►

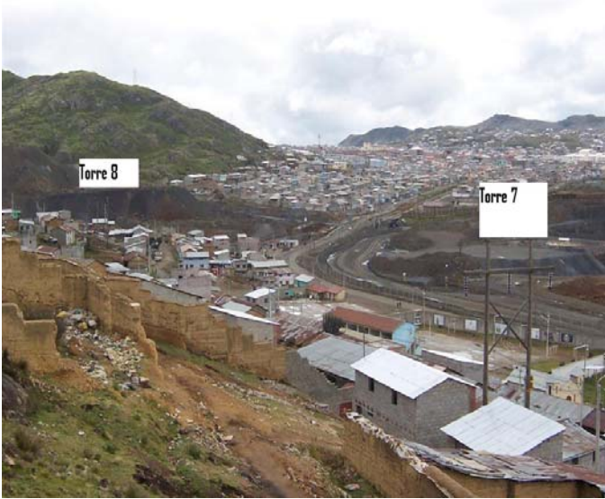
VANO 7(T07 – T08) L6523
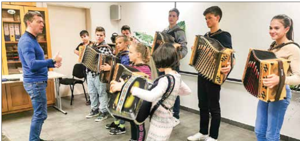
Mladi harmonikarji so na reviji pokazali svoje znanje in ljubezen do igranja harmonike.
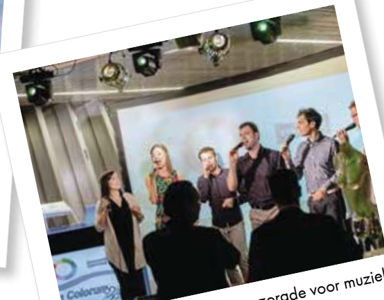
De a-cappellagroep Kreativo zorgde voor muziek in Slovenië.
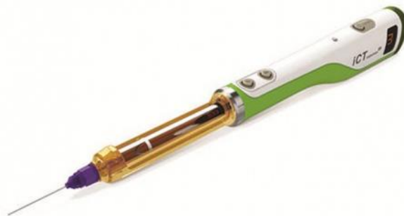
شکل ۱: دستگاه بی حسی کامپیوتری (GENOSS, Gyeonggi-do, South Korea) ICT Injection

ترومای مکانیکی ناشی از ورود سوزن، تزریق عامل بی-حسی در بافت و بیرون آوردن سوزن اغلب دردناک هستند. (۱۲) روش‌هایی که برای کم کردن درد ورود سوزن استفاده می‌شوند (مثل تزریق آهسته، گرم کردن مایع بی حسی، استفاده از سوزن نازک‌تر، استفاده از ویراجکت و استفاده از ژل‌های بی حسی موضعی قبل از تزریق از جمله ژل‌های گیاهی) برای همه بیماران، به ویژه برای کودکان مضطرب و غیرهمکار که ترسیده‌اند؛ کافی نیست. (۱۳، ۱۴) معمول‌ترین روش بدست آوردن بی حسی در دندان‌های ماگزایلا، اینفیلتراسیون باکال (تزریق سوپراپریوستال) یا اصطلاحاً تزریق کانونشنال است. (۱۵-۱۸) امروزه به علت وجود تجربه دردناک و ناخوشایند ناشی از تزریق بی حسی که به دنبال استفاده از سرنگ‌های قدیمی در بیماران ایجاد می‌شود؛ بسیاری از تکنیک‌های تزریق بی حسی به روش اتوماتیک و کامپیوتری در حال توسعه و پیشرفت هستند. (۱۹) (شکل ۱) یکی از جنبه‌های این پیشرفت، راه‌اندازی یک
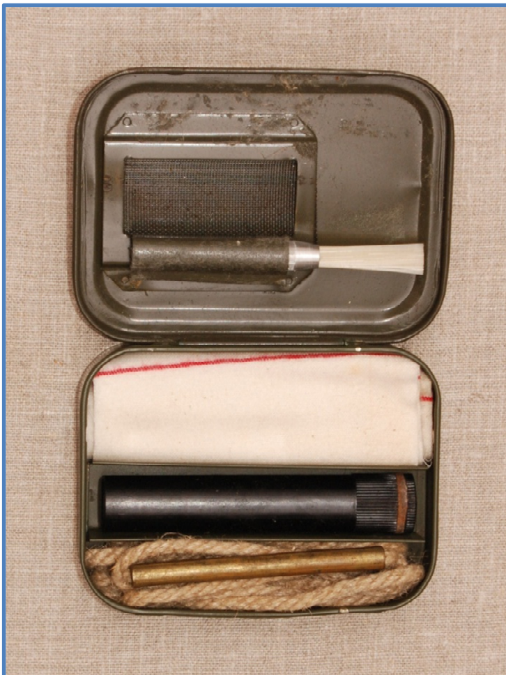
"Tobaksæske" med renserværktøj for den enkelte skytte
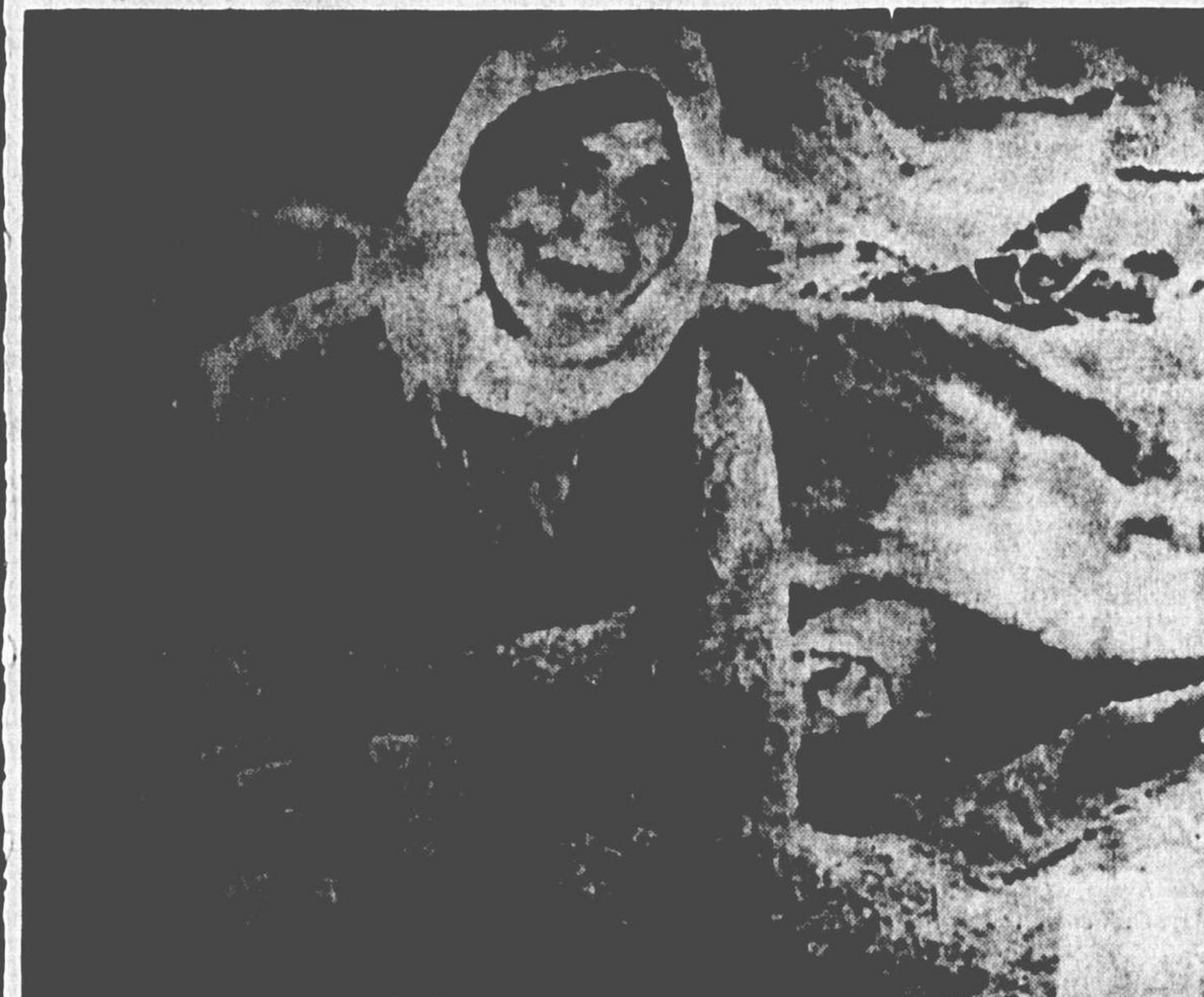
A face da anciã iraniana reflete o desespero diante da enorme tragédia de seu país.

A terra voltou a explodir, ontem, no Irã e na Turquia, aumentando o número de mortos e devastando mais ainda as regiões que haviam sofrido dois terremotos sucessivos em menos de 24 horas. Na Turquia foi atingida uma área de mais de 300 milhas, com a destruição de aldeias inteiras. Outros tremores de terra, sem vítimas, foram assinalados na Armênia (URSS), Japão e no fundo do Oceano Atlântico, próximo a Porto Rico. Só no mês passado a América teve cerca de mil terremotos.
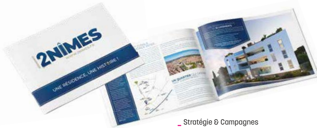
- Stratégie & Campagnes
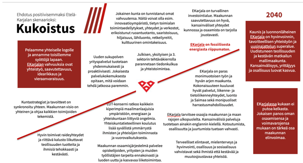
Kuva 2. Etelä-Karjalan Kukoistus - skenaario

Maakunnasta tehdään maakuntaohjelmaa sekä positiivista skenaariota toteuttamalla houkuttelevampi paikka yrityksille ja ihmisille. Asukkaille tarjotaan parempia työllisyys- ja koulutusmahdollisuuksia sekä yhteisöllisyyttä luovia aktiviteetteja, jotka edistävät ihmisten hyvinvointia ja terveyttä, lisäävät toimeentuloa sekä ehkäisevät syrjäytymistä. Yritysten ja oppilaitosten välistä yhteistyötä tiivistetään, jotta siirtymä työelämään olisi mahdollisimman sujuva ja yritykset saisivat osaavaa työvoimaa rekrytointitarpeisiinsa. Koulutusmahdollisuudet nähdään merkittävänä vetovoimatekijänä sekä opiskelijoille että yrityksille. Yrittäjyyteen lähtemistä tuetaan ja siihen kannustetaan monipuolisesti. Näin edistetään positiivista ilmapiiriä yrittäjyyden ympärille sekä lisätään maakunnan veto- ja pitovoimaa.
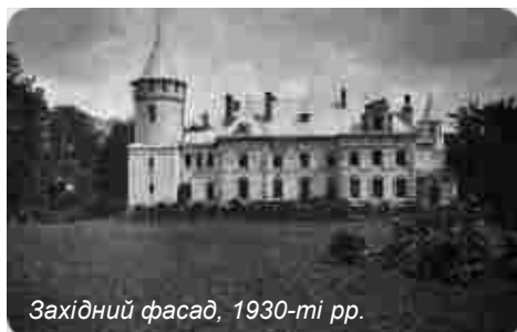
Західний фасад, 1930-ті рр.
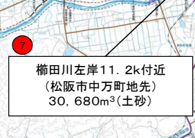
櫛田川左岸11. 2k付近 (松阪市中万町地先) 30,680m 3 (土砂)
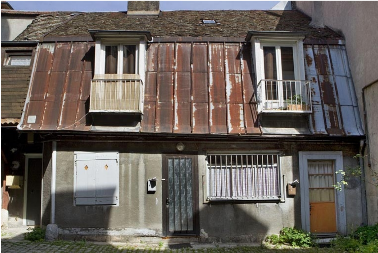
Logis secondaire à gauche de la cour : vue d'ensemble.

25, Besançon, 133 Grande Rue, lieudit : îlot Saint-Maurice

◄

### What the task requires
Look above for the line with "den enkelte skytte", then print it and each line after it down to and including the line with "A face da anciã". Leave out the pictures and keep the wording exact.

### Exercise result
"Tobaksæske" med renserværktøj for den enkelte skytte
A face da anciã iraniana reflete o desespero diante da enorme tragédia de seu país.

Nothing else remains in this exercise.